(Positions of potted flowers are assigned to index numbers in the range of 1 ... N. The i-th pot and the (i + 1)-th pot are consecutive for any given i (1 <= i < N), and 1st pot is next to N-th pot in addition.)
The board chairman informed the little cat to construct "ONE arc-style cane-chair" for tourists having a rest, and the sum of attractive values of the flowers beside the cane-chair should be as large as possible.

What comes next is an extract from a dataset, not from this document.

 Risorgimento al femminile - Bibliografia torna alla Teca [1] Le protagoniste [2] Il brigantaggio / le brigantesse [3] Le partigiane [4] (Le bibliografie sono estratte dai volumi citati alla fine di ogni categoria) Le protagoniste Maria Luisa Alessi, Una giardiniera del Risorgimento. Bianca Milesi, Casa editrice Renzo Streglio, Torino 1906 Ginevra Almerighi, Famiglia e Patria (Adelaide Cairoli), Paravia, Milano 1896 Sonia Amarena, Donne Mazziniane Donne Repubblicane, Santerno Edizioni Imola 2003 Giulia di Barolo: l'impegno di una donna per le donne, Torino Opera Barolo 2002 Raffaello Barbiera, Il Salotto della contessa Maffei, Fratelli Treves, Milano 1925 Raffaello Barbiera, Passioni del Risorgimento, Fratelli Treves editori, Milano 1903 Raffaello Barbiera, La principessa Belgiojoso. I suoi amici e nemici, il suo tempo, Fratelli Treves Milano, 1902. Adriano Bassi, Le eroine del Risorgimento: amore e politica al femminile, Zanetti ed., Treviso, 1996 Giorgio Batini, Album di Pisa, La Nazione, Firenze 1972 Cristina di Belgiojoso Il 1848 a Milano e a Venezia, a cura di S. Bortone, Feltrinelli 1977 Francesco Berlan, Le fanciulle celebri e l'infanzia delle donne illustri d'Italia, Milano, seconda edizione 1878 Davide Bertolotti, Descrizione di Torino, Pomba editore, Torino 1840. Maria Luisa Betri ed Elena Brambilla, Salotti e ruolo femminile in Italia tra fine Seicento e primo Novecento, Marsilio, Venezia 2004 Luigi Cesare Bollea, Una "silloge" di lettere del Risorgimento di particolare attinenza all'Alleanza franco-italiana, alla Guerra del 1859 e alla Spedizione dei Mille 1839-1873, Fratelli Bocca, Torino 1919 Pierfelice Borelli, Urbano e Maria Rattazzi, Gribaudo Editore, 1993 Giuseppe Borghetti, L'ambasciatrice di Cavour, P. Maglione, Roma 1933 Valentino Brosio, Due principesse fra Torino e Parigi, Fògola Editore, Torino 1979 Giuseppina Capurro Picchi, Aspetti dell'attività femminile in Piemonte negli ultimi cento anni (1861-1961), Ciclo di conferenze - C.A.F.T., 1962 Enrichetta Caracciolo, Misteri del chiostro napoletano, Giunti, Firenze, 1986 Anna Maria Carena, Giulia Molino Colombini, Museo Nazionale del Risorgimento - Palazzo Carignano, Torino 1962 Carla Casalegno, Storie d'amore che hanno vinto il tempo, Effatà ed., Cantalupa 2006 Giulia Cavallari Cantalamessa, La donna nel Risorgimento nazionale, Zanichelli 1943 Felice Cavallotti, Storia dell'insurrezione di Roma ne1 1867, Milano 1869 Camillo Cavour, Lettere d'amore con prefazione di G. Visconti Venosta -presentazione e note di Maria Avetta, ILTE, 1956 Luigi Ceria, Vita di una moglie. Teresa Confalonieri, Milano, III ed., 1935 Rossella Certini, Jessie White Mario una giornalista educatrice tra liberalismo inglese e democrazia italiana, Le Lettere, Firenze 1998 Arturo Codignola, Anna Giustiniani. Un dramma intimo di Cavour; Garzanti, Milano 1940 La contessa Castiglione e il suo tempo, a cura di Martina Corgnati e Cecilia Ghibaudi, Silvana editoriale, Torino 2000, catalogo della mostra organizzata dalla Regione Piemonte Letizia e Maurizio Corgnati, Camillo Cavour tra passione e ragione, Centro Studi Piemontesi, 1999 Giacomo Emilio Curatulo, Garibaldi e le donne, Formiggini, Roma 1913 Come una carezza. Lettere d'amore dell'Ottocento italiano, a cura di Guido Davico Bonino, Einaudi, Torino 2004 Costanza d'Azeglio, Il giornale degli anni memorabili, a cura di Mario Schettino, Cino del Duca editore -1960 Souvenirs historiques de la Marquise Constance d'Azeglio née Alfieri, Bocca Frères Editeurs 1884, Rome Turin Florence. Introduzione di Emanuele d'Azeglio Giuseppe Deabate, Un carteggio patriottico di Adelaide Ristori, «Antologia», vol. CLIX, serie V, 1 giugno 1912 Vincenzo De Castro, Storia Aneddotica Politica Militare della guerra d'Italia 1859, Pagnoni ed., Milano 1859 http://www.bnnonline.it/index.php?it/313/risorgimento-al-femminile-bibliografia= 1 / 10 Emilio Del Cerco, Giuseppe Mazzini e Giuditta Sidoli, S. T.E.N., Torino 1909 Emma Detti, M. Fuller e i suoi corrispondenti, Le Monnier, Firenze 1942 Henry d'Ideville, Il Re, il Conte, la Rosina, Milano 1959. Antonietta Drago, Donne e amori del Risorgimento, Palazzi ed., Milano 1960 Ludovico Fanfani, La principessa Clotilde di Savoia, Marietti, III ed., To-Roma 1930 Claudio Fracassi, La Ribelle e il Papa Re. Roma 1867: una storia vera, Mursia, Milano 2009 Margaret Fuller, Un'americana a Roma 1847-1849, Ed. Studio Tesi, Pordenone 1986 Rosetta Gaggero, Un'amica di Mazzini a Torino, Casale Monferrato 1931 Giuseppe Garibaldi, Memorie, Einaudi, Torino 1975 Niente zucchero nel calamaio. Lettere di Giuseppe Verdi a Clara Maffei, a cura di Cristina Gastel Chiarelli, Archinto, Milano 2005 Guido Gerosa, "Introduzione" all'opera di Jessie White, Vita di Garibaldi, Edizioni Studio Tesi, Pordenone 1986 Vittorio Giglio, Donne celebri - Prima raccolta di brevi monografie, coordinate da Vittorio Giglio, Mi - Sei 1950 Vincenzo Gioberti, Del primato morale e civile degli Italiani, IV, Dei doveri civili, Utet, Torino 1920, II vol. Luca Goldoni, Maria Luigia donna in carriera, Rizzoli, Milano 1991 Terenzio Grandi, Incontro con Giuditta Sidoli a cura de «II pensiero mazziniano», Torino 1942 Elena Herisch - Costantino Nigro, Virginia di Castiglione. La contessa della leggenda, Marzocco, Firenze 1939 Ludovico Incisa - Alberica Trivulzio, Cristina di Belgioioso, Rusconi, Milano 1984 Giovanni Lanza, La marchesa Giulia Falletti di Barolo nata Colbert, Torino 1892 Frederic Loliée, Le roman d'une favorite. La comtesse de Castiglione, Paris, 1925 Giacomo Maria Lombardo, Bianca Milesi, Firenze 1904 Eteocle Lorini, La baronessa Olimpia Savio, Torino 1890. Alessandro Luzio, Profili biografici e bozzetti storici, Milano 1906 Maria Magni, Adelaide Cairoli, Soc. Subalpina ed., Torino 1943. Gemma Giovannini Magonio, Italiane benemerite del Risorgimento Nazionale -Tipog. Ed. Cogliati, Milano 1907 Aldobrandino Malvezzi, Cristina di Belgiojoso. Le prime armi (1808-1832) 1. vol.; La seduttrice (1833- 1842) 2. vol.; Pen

You should notice that a cane-chair cannot be a total circle, so the number of flowers beside the cane-chair may be 1, 2, ..., N - 1, but cannot be N. In the above example, if we construct a cane-chair in the position of that red-dashed-arc, we will have the sum of 3+(-2)+1+2=4, which is the largest among all possible constructions.
Unluckily, some booted cats always make trouble for the little cat, by changing some potted flowers to others. The intelligence agency of little cat has caught up all the M instruments of booted cats' action. Each instrument is in the form of "A B", which means changing the A-th potted flowered with a new one whose attractive value equals to B. You have to report the new "maximal sum" after each instruction.
The second line contains N integers, which are the initial attractive value of each potted flower. The i-th number is for the potted flower on the i-th position.
A single integer M (4 <= M <= 100000) in the third input line, and the following M lines each contains an instruction "A B" in the form described above.
Restriction: All the attractive values are within [-1000, 1000]. We guarantee the maximal sum will be always a positive integer.
The situation into two.
1. The number of rings on the whole positive. Minus the sum of all the numbers of a minimum number of which is the result.
2. The number of the ring there is a negative number. Then there are two ways to select numbers:
1. The selected ID number contains two consecutive numbers 1 and n. At this time, the line segment tree, they are not consecutive (between 1 and is turned off in the n). All figures and subtract numbers within the range of minimum segment tree is the sum of the results.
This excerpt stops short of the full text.